Brian Carpenter writes:

| In fact you made me think of one possible unexpected consequence. If we allow
| diffserv code points to influence multihoming policy, it would be possible for
| someone who thought they were setting QOS policy to accidentally influence
| multihoming policy. That's not a very welcome side effect, but it may be 
| inevitable.

How should this be reflected within the multi6 reqs document (if at all)?

Should one do anything about the doors separating IPv6-global-unicast-format
from extensions of various flavours, including encoding destination information
in places other than strictly the destination address?

In particular, there is an obvious *MAY* requirement looming in this
discussion, and I'm glad it originated with someone other than me. -:)

	Sean.

P.S.: in whose opinion is it unwelcome?  isn't this is a shade of grey?
      consider:

                source
                  |
		  .
		  .
		  |
                upstream
                /     \
       transit-l       transit-r
                \     /
                 dest.

"dest." would like to have inbound traffic through upstream choose
between transit-l and transit-r based on the DSCP rather than on
strictly the destination address.   is this something evil that MUST
not be allowed, something gross that SHOULD NOT be done in practise,
or something the parties themselves should negotiate on their own?
what if transit-l is low-bandwidth/low-delay and transit-r is
high-bandwidth/high-delay?   "dest." might be a national research 
network with a number of universities connected, each with people
wanting to receive all sorts of traffic from elsewhere in the
Internet, some of it bulk transfer (post-napster?) and some of it
delay-sensitive (sshing back home from an IETF meeting?).

the argument in the past has been that since there is no dynamic
routing protocol currently supporting upstream's left-or-right
decision in the event of failure along either path towards dest,
this would best be addressed (ahem), if at all, in someplace like IDR,
or perhaps wherever one puts interdomain MPLS routing support.
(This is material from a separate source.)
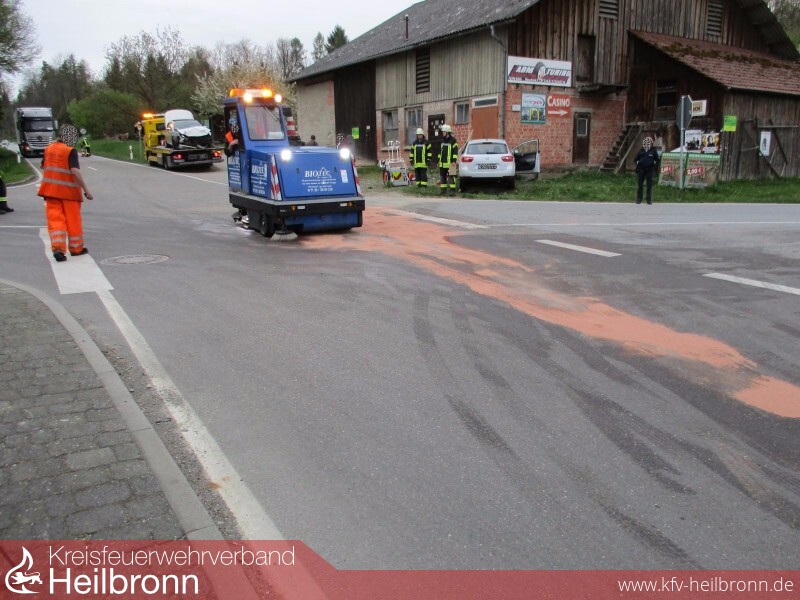 Um 17:48 Uhr wurde die Wehr zur Kreuzung Pfahlhof gerufen. Dort wurde ein Verkehrsunfall zwischen zwei PKW vorgefunden. Die Feuerwehr übernahm die Betreuung der beiden Fahrerinnen, die noch in ihren Autos saßen, aber nicht eingeklemmt waren. Anschließend wurden die beiden leicht Verletzten an den Rettungsdienst übergeben und in Krankenhäuser gebracht. Mit der Nassreinigung der großflächig verschmutzten Kreuzung wurde eine Fachfirma beauftragt.

on the other hand, in the earlier days of the PRDB, one could also
have observed the evolution of systems to allow the selection of
exit ENSSes towards a particular destination and conclude that they
could easily have wound up supporting exactly this sort of thing.
indeed, some old people around here recall *several* ad hoc methods
of supporting *exactly* this kind of multihoming in the distant past.

i'm sure our requirements draft editor is open to suggestions for new text,
if anyone cares to make one.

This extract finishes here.